Top of The records
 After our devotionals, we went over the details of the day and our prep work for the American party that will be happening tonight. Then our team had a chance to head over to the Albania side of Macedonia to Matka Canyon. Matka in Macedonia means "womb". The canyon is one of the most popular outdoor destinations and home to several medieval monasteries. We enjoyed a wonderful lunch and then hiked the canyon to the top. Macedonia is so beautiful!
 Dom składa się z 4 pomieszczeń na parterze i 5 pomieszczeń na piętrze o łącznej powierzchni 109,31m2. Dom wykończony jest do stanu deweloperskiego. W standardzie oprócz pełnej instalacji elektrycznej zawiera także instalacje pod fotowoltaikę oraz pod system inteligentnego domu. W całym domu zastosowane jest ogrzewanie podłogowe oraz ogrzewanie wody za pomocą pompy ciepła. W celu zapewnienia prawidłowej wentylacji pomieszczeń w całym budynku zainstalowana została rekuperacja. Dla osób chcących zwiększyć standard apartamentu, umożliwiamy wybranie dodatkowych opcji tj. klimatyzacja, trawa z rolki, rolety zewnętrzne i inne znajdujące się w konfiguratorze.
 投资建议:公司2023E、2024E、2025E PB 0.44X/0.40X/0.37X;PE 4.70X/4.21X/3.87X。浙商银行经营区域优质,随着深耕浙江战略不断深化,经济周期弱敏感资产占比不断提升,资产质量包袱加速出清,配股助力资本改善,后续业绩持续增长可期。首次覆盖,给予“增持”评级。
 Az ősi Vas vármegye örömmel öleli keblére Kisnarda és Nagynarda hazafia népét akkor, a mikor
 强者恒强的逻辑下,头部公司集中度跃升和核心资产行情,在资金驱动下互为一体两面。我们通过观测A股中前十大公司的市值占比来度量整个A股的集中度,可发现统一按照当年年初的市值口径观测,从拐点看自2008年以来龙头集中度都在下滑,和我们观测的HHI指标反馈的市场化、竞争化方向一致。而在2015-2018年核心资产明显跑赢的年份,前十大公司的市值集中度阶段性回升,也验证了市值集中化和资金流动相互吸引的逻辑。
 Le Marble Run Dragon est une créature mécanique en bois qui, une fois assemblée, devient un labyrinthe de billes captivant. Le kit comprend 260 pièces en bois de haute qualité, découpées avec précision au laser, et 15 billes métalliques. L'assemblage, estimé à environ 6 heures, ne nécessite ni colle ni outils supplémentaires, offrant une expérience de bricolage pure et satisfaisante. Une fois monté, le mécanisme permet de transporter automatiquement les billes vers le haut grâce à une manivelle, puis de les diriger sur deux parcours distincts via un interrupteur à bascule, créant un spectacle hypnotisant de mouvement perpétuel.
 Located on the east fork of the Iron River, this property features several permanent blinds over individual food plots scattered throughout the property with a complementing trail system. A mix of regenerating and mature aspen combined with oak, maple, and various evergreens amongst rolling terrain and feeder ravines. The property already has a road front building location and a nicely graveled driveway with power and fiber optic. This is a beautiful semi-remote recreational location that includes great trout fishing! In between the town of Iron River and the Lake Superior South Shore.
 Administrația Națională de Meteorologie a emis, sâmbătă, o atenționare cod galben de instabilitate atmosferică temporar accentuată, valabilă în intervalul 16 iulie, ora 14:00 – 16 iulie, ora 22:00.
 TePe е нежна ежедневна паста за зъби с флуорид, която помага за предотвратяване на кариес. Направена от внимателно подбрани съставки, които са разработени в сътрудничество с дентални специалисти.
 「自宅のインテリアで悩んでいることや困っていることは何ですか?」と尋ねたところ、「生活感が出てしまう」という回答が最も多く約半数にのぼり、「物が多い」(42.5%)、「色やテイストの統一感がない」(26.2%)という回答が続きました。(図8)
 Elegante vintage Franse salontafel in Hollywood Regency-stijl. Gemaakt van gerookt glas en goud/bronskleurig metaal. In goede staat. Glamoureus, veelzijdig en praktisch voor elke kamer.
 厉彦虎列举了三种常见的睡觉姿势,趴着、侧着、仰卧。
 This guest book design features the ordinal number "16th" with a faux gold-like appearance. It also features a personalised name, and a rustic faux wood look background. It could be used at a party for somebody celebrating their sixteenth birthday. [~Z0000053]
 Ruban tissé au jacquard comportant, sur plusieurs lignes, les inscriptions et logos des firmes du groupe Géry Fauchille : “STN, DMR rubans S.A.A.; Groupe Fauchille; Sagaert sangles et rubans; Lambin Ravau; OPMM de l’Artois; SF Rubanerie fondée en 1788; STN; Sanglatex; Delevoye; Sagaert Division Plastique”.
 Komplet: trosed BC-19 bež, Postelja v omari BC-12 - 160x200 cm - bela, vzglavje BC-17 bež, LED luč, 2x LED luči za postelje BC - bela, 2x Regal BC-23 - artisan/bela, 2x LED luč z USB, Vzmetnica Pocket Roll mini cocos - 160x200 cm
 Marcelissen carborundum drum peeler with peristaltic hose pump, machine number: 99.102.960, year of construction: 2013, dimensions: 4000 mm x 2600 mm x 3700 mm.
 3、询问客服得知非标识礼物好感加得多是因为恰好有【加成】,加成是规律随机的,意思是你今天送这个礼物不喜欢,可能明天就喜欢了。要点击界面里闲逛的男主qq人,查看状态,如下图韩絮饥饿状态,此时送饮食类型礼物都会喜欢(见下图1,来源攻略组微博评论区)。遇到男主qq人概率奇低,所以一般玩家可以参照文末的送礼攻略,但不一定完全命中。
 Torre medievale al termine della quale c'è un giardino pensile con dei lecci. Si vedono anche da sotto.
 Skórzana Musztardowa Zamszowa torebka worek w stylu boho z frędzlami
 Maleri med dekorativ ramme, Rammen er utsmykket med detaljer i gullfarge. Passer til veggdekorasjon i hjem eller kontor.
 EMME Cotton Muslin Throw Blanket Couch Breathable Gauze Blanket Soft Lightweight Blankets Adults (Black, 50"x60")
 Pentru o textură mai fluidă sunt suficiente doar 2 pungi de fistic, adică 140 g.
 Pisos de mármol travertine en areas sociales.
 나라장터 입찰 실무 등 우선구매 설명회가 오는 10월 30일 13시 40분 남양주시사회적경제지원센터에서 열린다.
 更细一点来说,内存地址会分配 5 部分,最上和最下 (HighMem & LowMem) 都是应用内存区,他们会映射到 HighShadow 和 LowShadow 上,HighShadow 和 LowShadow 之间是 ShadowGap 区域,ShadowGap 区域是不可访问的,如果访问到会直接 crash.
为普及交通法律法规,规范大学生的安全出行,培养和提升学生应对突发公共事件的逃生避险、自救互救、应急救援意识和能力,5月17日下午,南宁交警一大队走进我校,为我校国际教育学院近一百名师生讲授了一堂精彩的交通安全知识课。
Bottom of The records
Only the lines from the one with "Marcelissen carborundum drum" through the last line of the records belong in the answer, each copied exactly.

◆ Response area:
 Marcelissen carborundum drum peeler with peristaltic hose pump, machine number: 99.102.960, year of construction: 2013, dimensions: 4000 mm x 2600 mm x 3700 mm.
 3、询问客服得知非标识礼物好感加得多是因为恰好有【加成】,加成是规律随机的,意思是你今天送这个礼物不喜欢,可能明天就喜欢了。要点击界面里闲逛的男主qq人,查看状态,如下图韩絮饥饿状态,此时送饮食类型礼物都会喜欢(见下图1,来源攻略组微博评论区)。遇到男主qq人概率奇低,所以一般玩家可以参照文末的送礼攻略,但不一定完全命中。
 Torre medievale al termine della quale c'è un giardino pensile con dei lecci. Si vedono anche da sotto.
 Skórzana Musztardowa Zamszowa torebka worek w stylu boho z frędzlami
 Maleri med dekorativ ramme, Rammen er utsmykket med detaljer i gullfarge. Passer til veggdekorasjon i hjem eller kontor.
 EMME Cotton Muslin Throw Blanket Couch Breathable Gauze Blanket Soft Lightweight Blankets Adults (Black, 50"x60")
 Pentru o textură mai fluidă sunt suficiente doar 2 pungi de fistic, adică 140 g.
 Pisos de mármol travertine en areas sociales.
 나라장터 입찰 실무 등 우선구매 설명회가 오는 10월 30일 13시 40분 남양주시사회적경제지원센터에서 열린다.
 更细一点来说,内存地址会分配 5 部分,最上和最下 (HighMem & LowMem) 都是应用内存区,他们会映射到 HighShadow 和 LowShadow 上,HighShadow 和 LowShadow 之间是 ShadowGap 区域,ShadowGap 区域是不可访问的,如果访问到会直接 crash.
为普及交通法律法规,规范大学生的安全出行,培养和提升学生应对突发公共事件的逃生避险、自救互救、应急救援意识和能力,5月17日下午,南宁交警一大队走进我校,为我校国际教育学院近一百名师生讲授了一堂精彩的交通安全知识课。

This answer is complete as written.